Data for the task
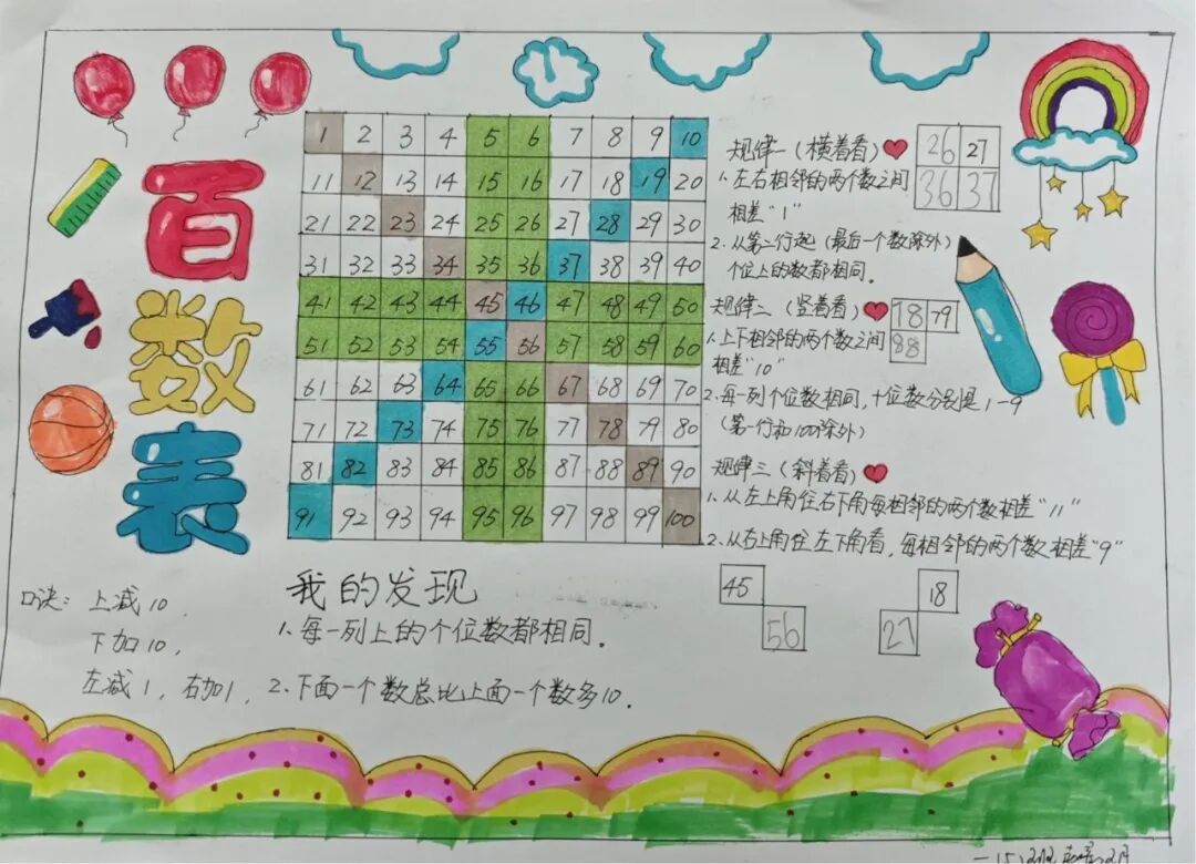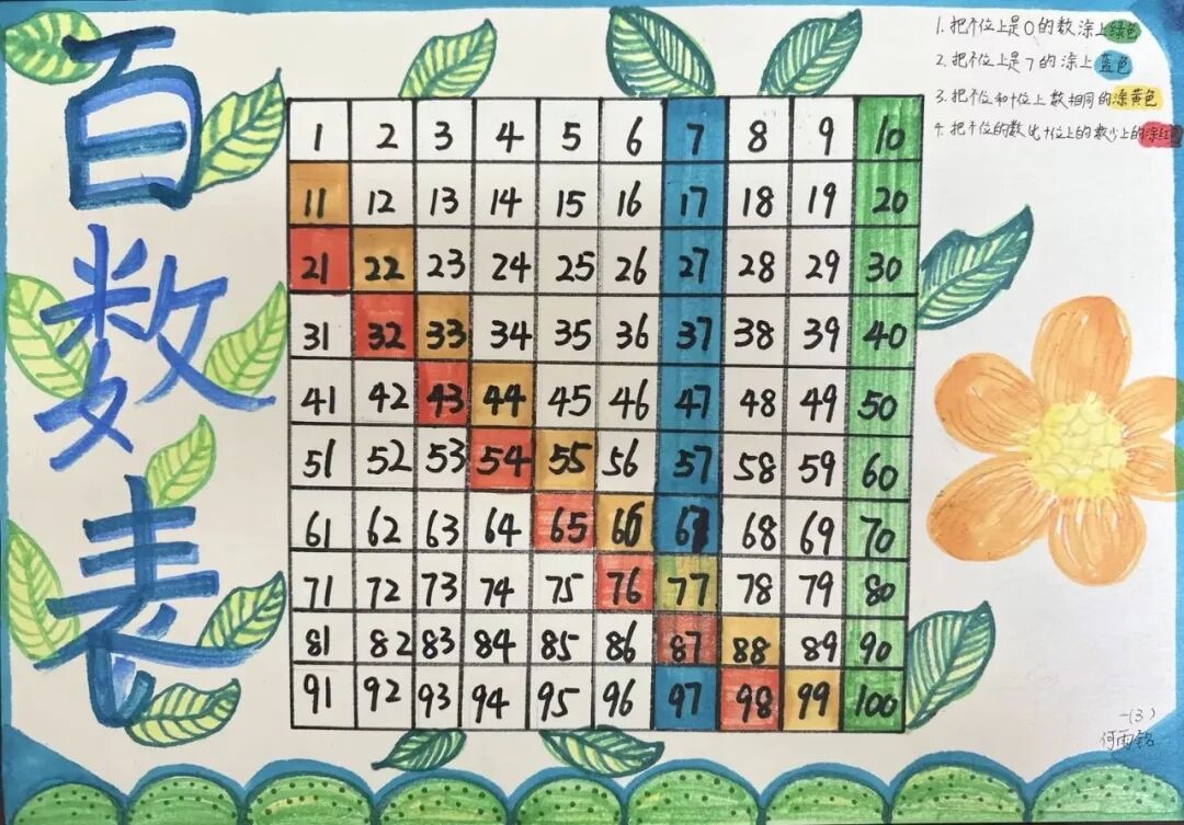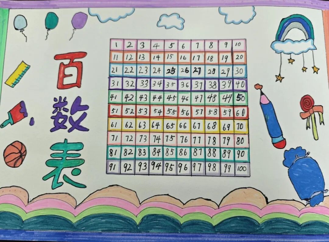 通过百数表的创作,孩子们不仅巩固了课堂知识,还培养了观察力和逻辑思维能力。
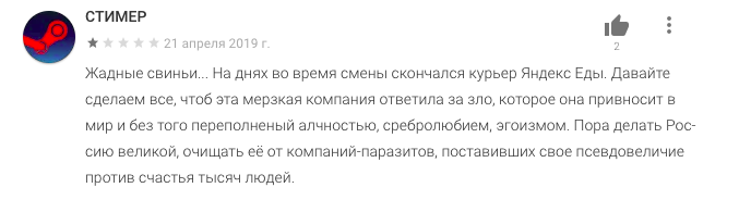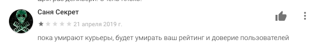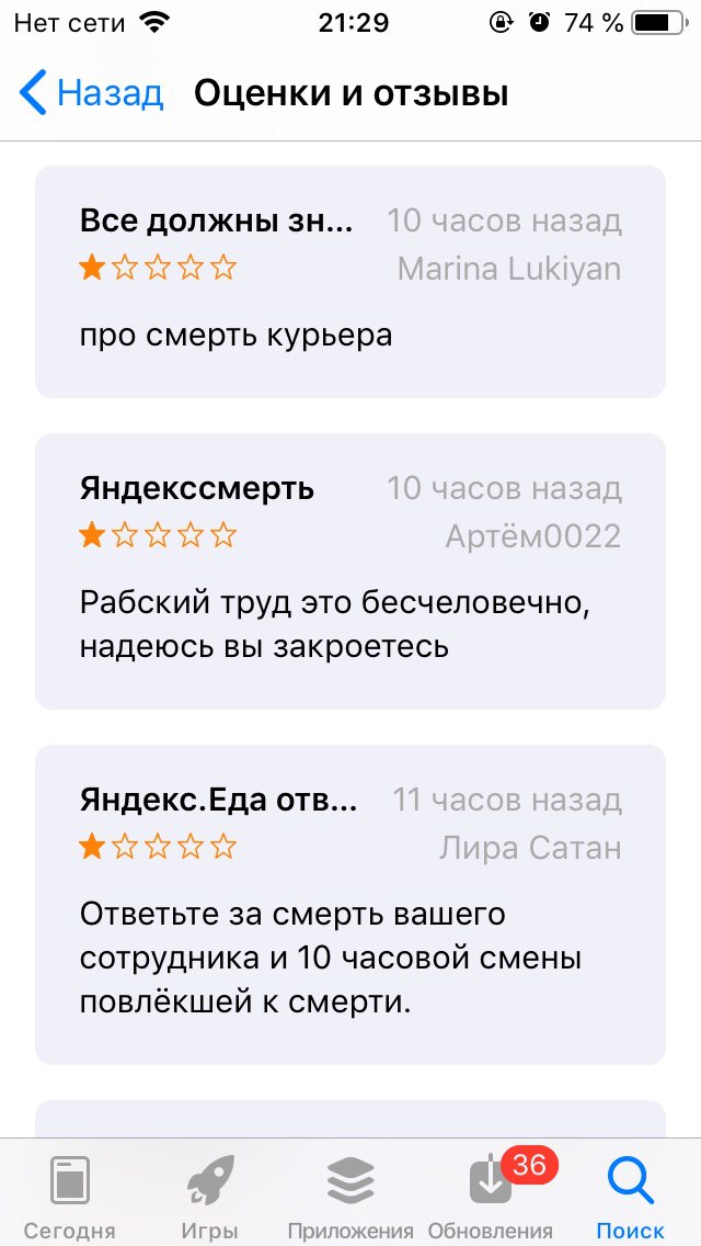 Автор треда, рассказавший о смерти курьера, также предложил понизить рейтинг приложения «Яндекс.Еда» в AppStore и GooglePlay и оставлять негативные отзывы. Многие пользователи после этого действительно стали занижать оценку приложения, обвиняя сервис в смерти курьера и плохих условиях труда.
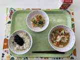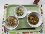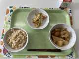 献立 七分付ごはん おからそぼろ じゃが芋の筑前煮 白菜のごまだれサラダ 牛乳 ...
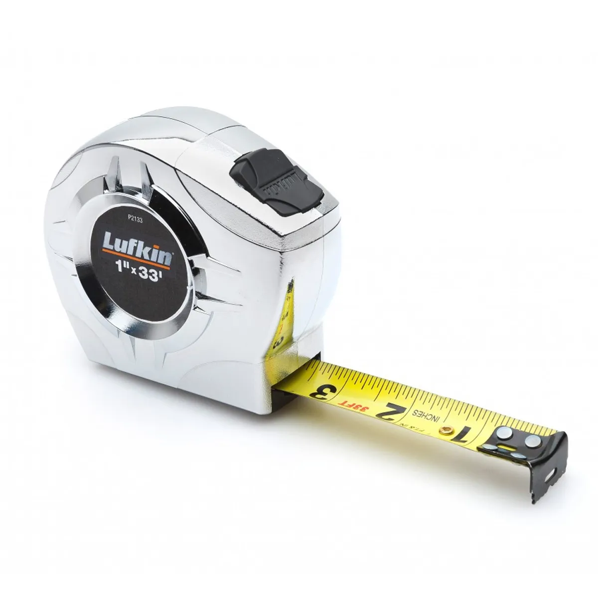 Case designed to fit perfectly in the hand. Lightweight; high strength chrome finished case. Fits easily into most tape holsters. Bright yellow blade has clear easy-to-read numerals. Toggle lock is positioned for convenient operation and holds the blade securely in any position. Virtually unbreakable Quad Hook®; four rivets for extra strength (1in blade only). Cushioned blade return. Removable belt clip. Blade Style: A30.
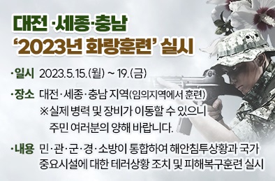[Ytv영상스토리] 천안시는 15일~18일 2023년 화랑훈련이 충남·대전·세종 전 지역에서 4년 만에 실시된다고 밝혔다.
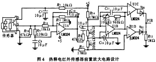 熱釋電紅外傳感器能以非接觸形式檢測出人體輻射的紅外線,并將其轉變為電壓信號。本設計所采用的是PIR熱釋電傳感器,安裝有菲涅爾透鏡,感應距離7 m,感應角度110°。具有全自動感應、光敏控制、兩種觸發方式(不可重復觸發方式,可重復觸發方式)、靈敏度高、微功耗等特點。當人進入其感應范圍,則輸出高電平,人離開感應范圍,則自動延時關閉高電平,輸出低電平。但是該熱釋電紅外傳感器只能檢測到動態,所以對于長時間處于相對靜態的存在無法檢測的缺陷。熱釋電紅外傳感器前置放大電路如圖4所示。
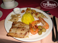 Особо расскажу про детский ужин. Он не афишируется, но он есть! В 18.00 возле главного ресторана накрывают столы для маленьких гостей отеля. Специально для этого приносят детские столы с лавочками. Блюда простые, без специй и соусов. На гарнир - картофельное пюре, макароны, рис. К ним могут быть мясные или рыбные котлетки, фрикадельки, рагу. Фрукты, сладкий десерт. Дите сидит за столом, в окружении таких же самостоятельных едоков. Набегавшись за день на пляже, в поисках клада или еще каких-нибудь секретиков, аппетит у всех отменный! Поверьте, детский ужин - это самая замечательная идея отеля! Ребенок уже сыт и счастлив, а у родителей еще есть время до ужина.
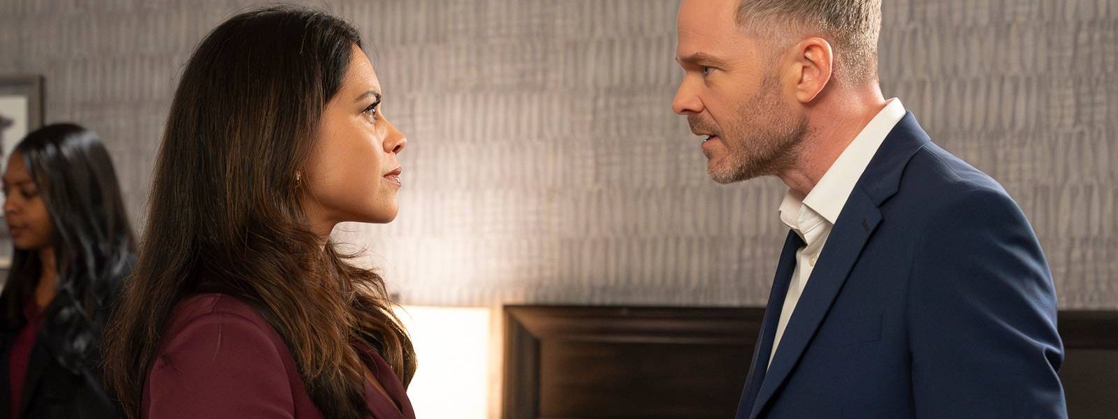 Last season introduced one of the creepiest villains ever on The Rookie. Liam Glasser (Seth Gabel) is a tried-and-true serial killer, but it’s looking possible that he might be a free man soon. Nyla is required to sit for a deposition for the case, but from the beginning, Wesley Evers (Shawn Ashmore) warns Nyla that she’ll have to be perfect in order to win against Glasser’s impressive attorney. Nyla’s words end up getting twisted around so it sounds like she somehow used intimidation and framing techniques while pursuing Glasser during the initial investigation. By the end of the deposition, Nyla has seemingly done more harm than good. But that’s not even the worst part: Wesley admits that he must now report Nyla for her questionable police tactics. This causes conflict with his wife, Angela Lopez (Alyssa Diaz), who wants to defend her friend. However, Wesley points out that he might lose at trial because of Nyla’s actions.
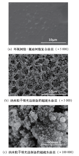 环氧树脂/氟硅树脂复合涂层和纳米粒子填充法制备的超疏水涂层的扫描电子显微镜图片
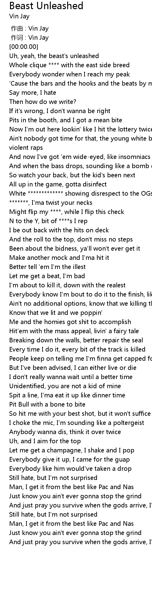 | [00:20.284] | Uh, yeah, the beast' s unleashed |
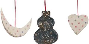 These charming hanging ornaments are crafted from eco-friendly handmade paper, shaped into a crescent moon, a traditional gourd, and a heart. Each piece is decorated with dotted motifs—subtle polka dots on the white crescent and heart, and firework-like bursts on the dark gourd shape. Lightweight and suspended by red threads, they make for delightful decorative accents suitable for festive decor, children’s rooms, or as eco-conscious holiday ornaments.
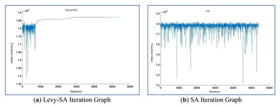 In the scheduling model solving method, SA is improved by the Levy distribution method in this paper. The Levy distribution probability function has the following characteristics: the function value is small on large probability and large on small probability. When applied in the probability function of SA for accepting suboptimal solutions, the probability of accepting suboptimal solutions is relatively high when the temperature is high, while the probability of accepting suboptimal solutions gradually decreases as the iteration increases and the temperature keeps dropping. In the scheduling results of the scheduling model, Levy-SA outperforms SA and GBFS in the total operation income, total operation time, waiting time, transfer path, and other aspects. From previous studies [,], all heuristic algorithms improved by the Levy distribution method have higher search ability in the early stage and faster convergence in the later stage of search than the original algorithm. In the search results, all heuristic algorithms improved by Levy distribution can obtain better search results.
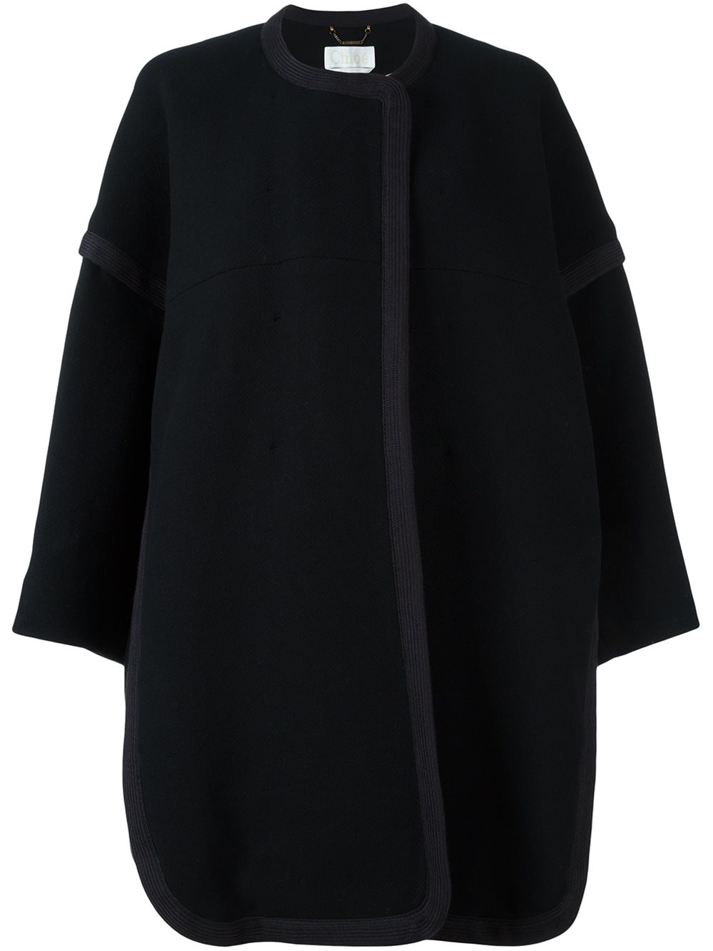 - Chloé (寇依) 海军蓝色 初剪羊毛混纺 茧形外套。 圆领, 正面有双排扣, 隐藏式拉链, 侧身口袋, 长袖, 短款, 平直下摆。
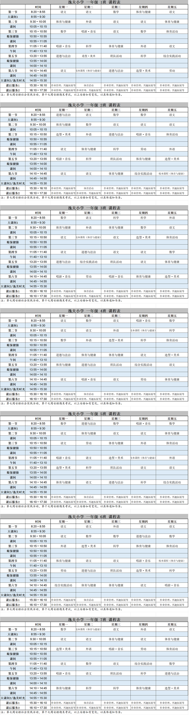 青浦区逸夫小学2025学年第二学期一年级课程表
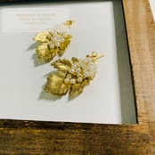 じゃらじゃらパールとアンティークリーフのかわいい大人ピアス。
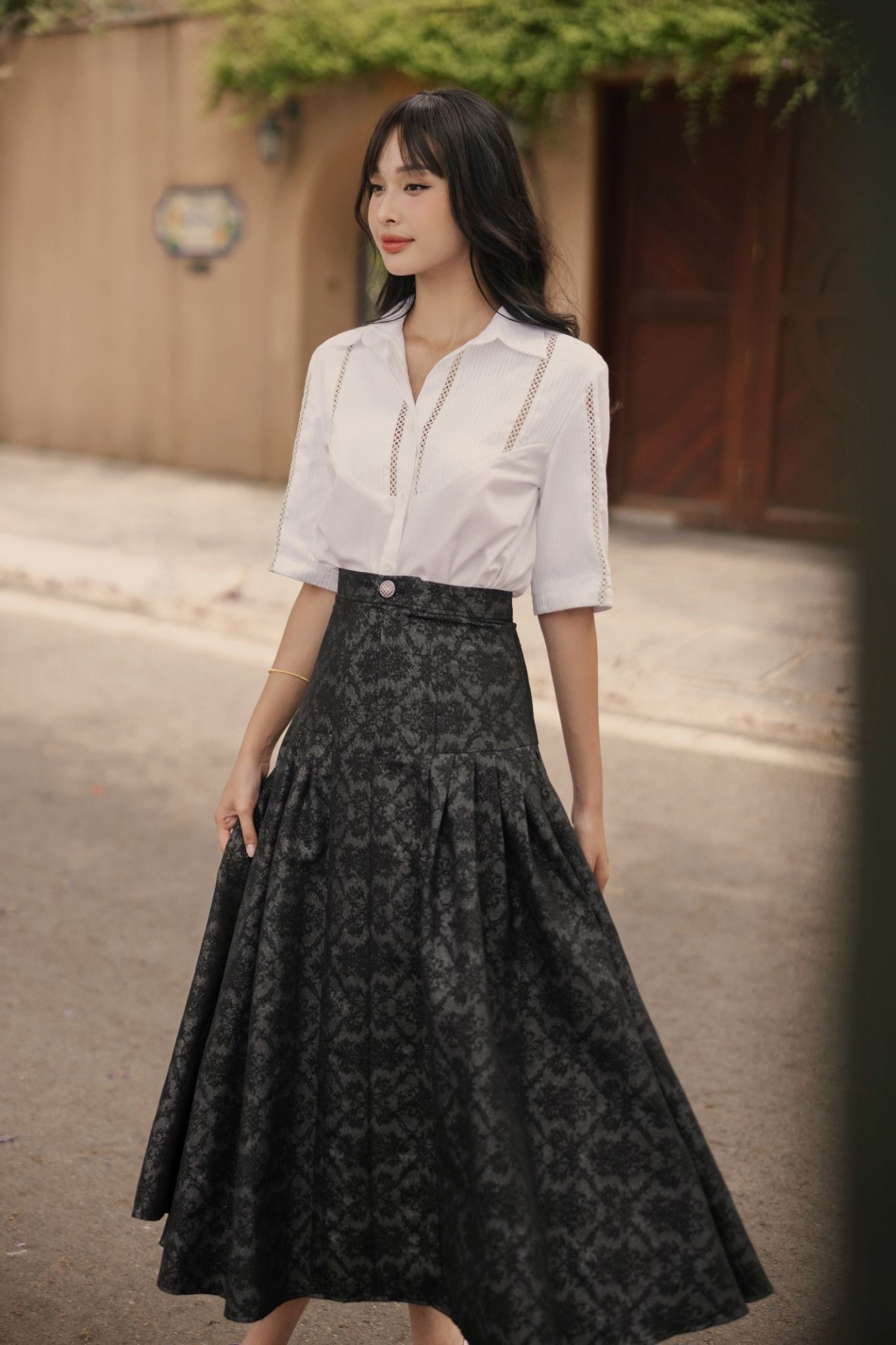Chân váy midi đen tối giản, kết hợp cùng áo cổ bẻ nhẹ nhàng mang đến vẻ thanh thoát. ẢNH: NEM FASHION
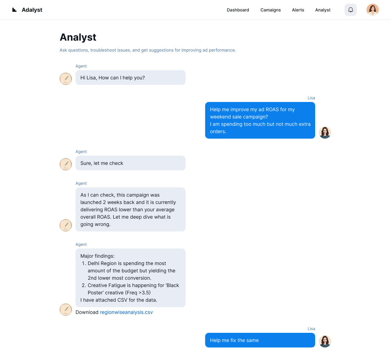 Adalyst is fine-tuned on real ad performance data across platforms. It understands the nuances of ad spend, ROAS, CTR drops and platform-specific best practices.Adalyst doesn't just generate ideas — it analyzes patterns, detects issues, and recommends actionable fixes based on what actually moves the needle.

Task item
Keep the pictures out and repeat exactly the lines from the beginning of the data through the line that contains "Особо расскажу про", both ends included.

Result
 通过百数表的创作,孩子们不仅巩固了课堂知识,还培养了观察力和逻辑思维能力。
 Автор треда, рассказавший о смерти курьера, также предложил понизить рейтинг приложения «Яндекс.Еда» в AppStore и GooglePlay и оставлять негативные отзывы. Многие пользователи после этого действительно стали занижать оценку приложения, обвиняя сервис в смерти курьера и плохих условиях труда.
 献立 七分付ごはん おからそぼろ じゃが芋の筑前煮 白菜のごまだれサラダ 牛乳 ...
 Case designed to fit perfectly in the hand. Lightweight; high strength chrome finished case. Fits easily into most tape holsters. Bright yellow blade has clear easy-to-read numerals. Toggle lock is positioned for convenient operation and holds the blade securely in any position. Virtually unbreakable Quad Hook®; four rivets for extra strength (1in blade only). Cushioned blade return. Removable belt clip. Blade Style: A30.
[Ytv영상스토리] 천안시는 15일~18일 2023년 화랑훈련이 충남·대전·세종 전 지역에서 4년 만에 실시된다고 밝혔다.
 熱釋電紅外傳感器能以非接觸形式檢測出人體輻射的紅外線,并將其轉變為電壓信號。本設計所采用的是PIR熱釋電傳感器,安裝有菲涅爾透鏡,感應距離7 m,感應角度110°。具有全自動感應、光敏控制、兩種觸發方式(不可重復觸發方式,可重復觸發方式)、靈敏度高、微功耗等特點。當人進入其感應范圍,則輸出高電平,人離開感應范圍,則自動延時關閉高電平,輸出低電平。但是該熱釋電紅外傳感器只能檢測到動態,所以對于長時間處于相對靜態的存在無法檢測的缺陷。熱釋電紅外傳感器前置放大電路如圖4所示。
 Особо расскажу про детский ужин. Он не афишируется, но он есть! В 18.00 возле главного ресторана накрывают столы для маленьких гостей отеля. Специально для этого приносят детские столы с лавочками. Блюда простые, без специй и соусов. На гарнир - картофельное пюре, макароны, рис. К ним могут быть мясные или рыбные котлетки, фрикадельки, рагу. Фрукты, сладкий десерт. Дите сидит за столом, в окружении таких же самостоятельных едоков. Набегавшись за день на пляже, в поисках клада или еще каких-нибудь секретиков, аппетит у всех отменный! Поверьте, детский ужин - это самая замечательная идея отеля! Ребенок уже сыт и счастлив, а у родителей еще есть время до ужина.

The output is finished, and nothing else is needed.